Rapidly growing nontuberculous mycobacteria (M. fortuitum complex, M. chelonae, M. abscessus complex) can cause nosocomial outbreaks of infections, usually due to injection of contaminated solutions, wound contamination with nonsterile water, use of contaminated instruments, or implantation of contaminated devices. These infections may also develop after cosmetic procedures, acupuncture, or tattooing.M. fortuitum complex has caused serious infections of penetrating wounds in the eyes and skin (especially feet), in tattoos, and in patients receiving contaminated materials (eg, porcine heart valves, breast implants, bone wax).
In the US, outbreaks of M. abscessus infection occurred in Georgia (2015) and California (2016). They occurred in children when water contaminated with M. abscessus biofilm was used to irrigate the tooth’s pulp chamber during a root canal; severe infection resulted.
Treatment usually requires extensive debridement and removal of the foreign material. Useful drugs include
- Imipenem 1 g IV q 6 h
- Levofloxacin 500 mg IV or po once/day
- Clarithromycin 500 mg po bid
- Trimethoprim/sulfamethoxazole 1 double-strength tablet po bid
- Doxycycline 100 to 200 mg po once/day
- Cefoxitin 2 g IV q 6 to 8 h
- Amikacin 10 to 15 mg/kg IV once/day
Combination therapy with at least 2 drugs that have in vitro activity is recommended. Duration of therapy averages 24 mo and may be longer if the infected foreign body remains in the body. Amikacin is usually included for the first 3 to 6 mo of therapy. Infections caused by M. abscessus and M. chelonae are usually resistant to most antibiotics, have proved extremely difficult or impossible to cure, and should be referred to an experienced specialist.

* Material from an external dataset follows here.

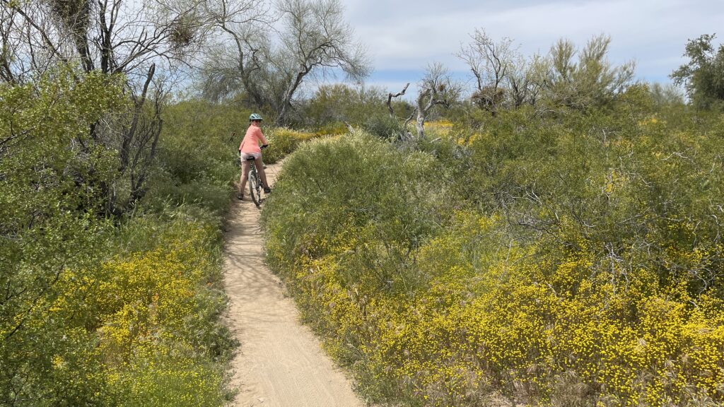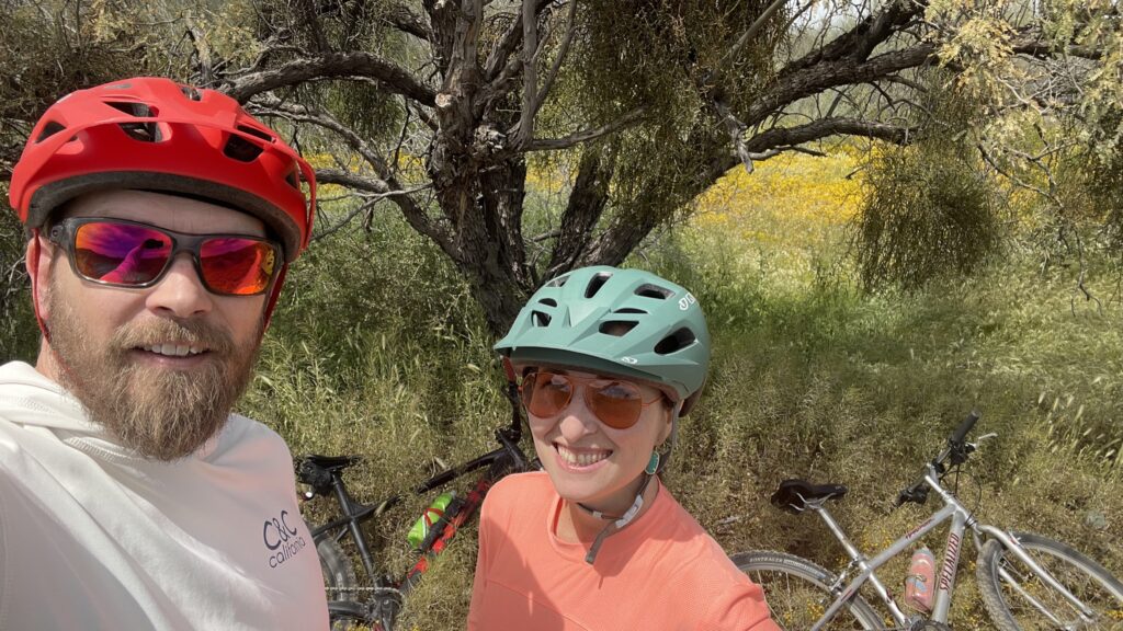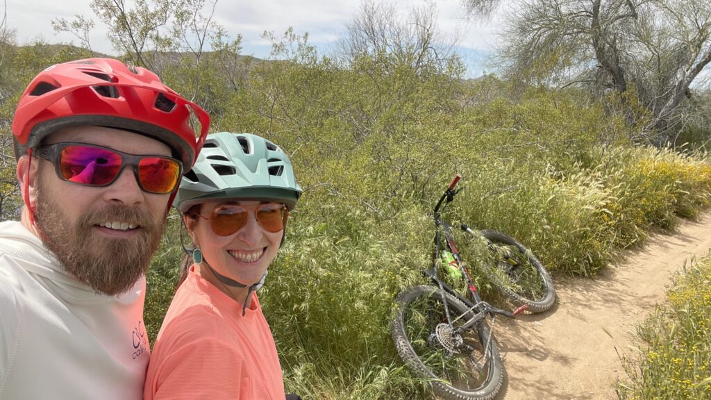 Celebrating 8 years of marriage with an 8 mile ride at Apache Wash. I think the total distance was just under 7 miles. Our marriage outran our riding ability. It always will.

MAC causes disseminated disease commonly in patients with advanced AIDS and occasionally in those with other immunocompromised states, including organ transplantation and hairy cell leukemia. In AIDS patients, disseminated MAC usually develops late (unlike TB, which develops early), occurring simultaneously with other opportunistic infections.
Disseminated MAC disease causes fever, anemia, thrombocytopenia, diarrhea, and abdominal pain (features similar to Whipple disease).

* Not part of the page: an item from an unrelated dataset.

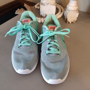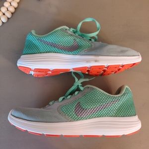 Nike Mint Green/Grey Swoosh Revolution 3 Sneaker - Size 8. Excellent pre-owned condition!

Diagnosis of disseminated MAC infection can be confirmed by cultures of blood or bone marrow or by biopsy (eg, percutaneous fine-needle biopsy of liver or necrotic lymph nodes). Organisms may be identified in stool and respiratory specimens, but organisms from these specimens may represent colonization rather than true disease.
Combination therapy to clear bacteremia and alleviate symptoms usually requires 2 or 3 drugs; one is clarithromycin 500 mg po bid or azithromycin 600 mg po once/day, plus EMB 15 to 25 mg/kg once/day. Sometimes rifabutin 300 mg once/day is also given. After successful treatment, chronic suppression with clarithromycin or azithromycin plus EMB is necessary to prevent relapse.

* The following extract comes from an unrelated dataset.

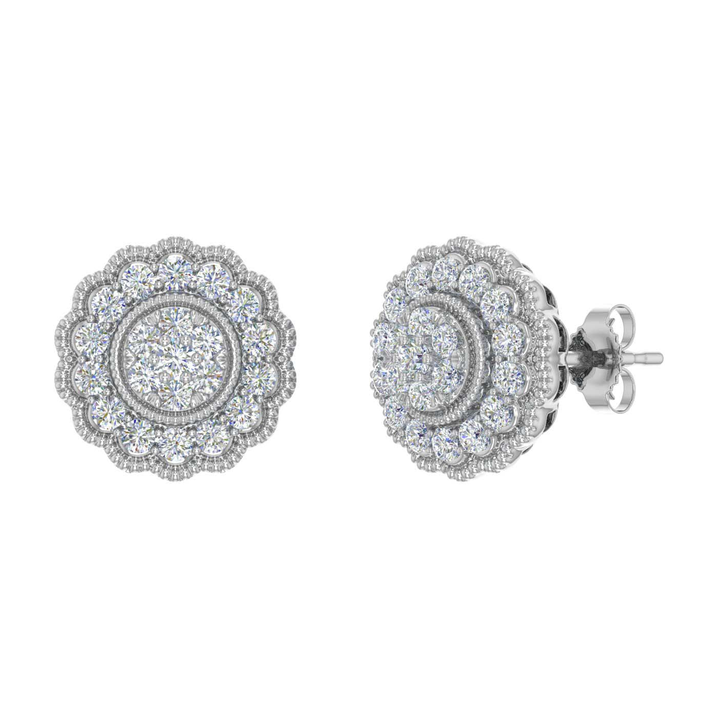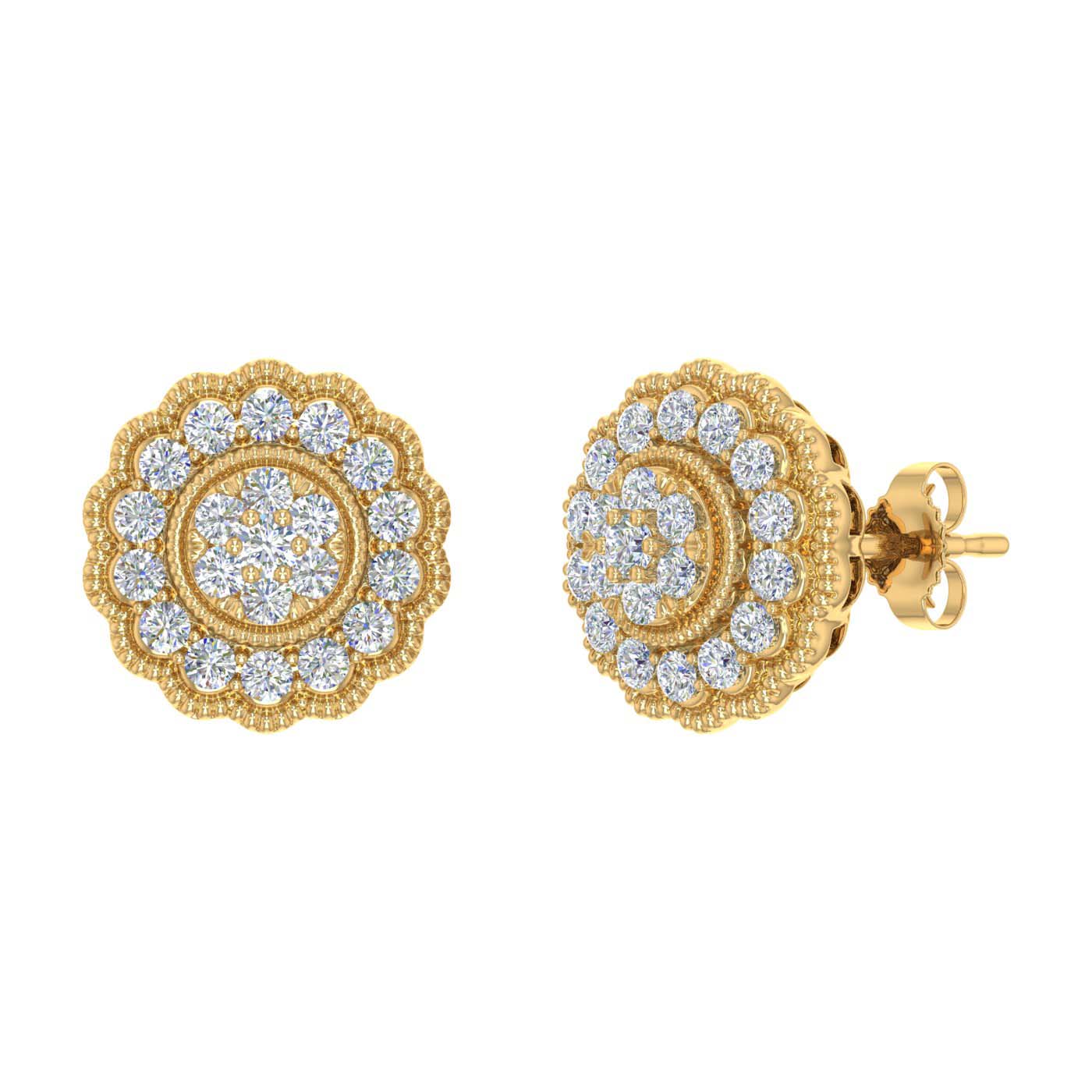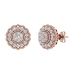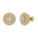 3/4 Carat Diamond Flower Shaped Stud Earrings in Gold - IGI Certified

HIV-infected patients who were not diagnosed before presenting with disseminated MAC should receive 2 wk of antimycobacterial treatment before starting antiretroviral therapy to decrease the risk of developing the immune reconstitution inflammatory syndrome(IRIS).
HIV-infected patients with a CD4 count <100 cells/µL require prophylaxis for disseminated MAC with azithromycin 1.2 g po once/week or clarithromycin 500 mg po bid.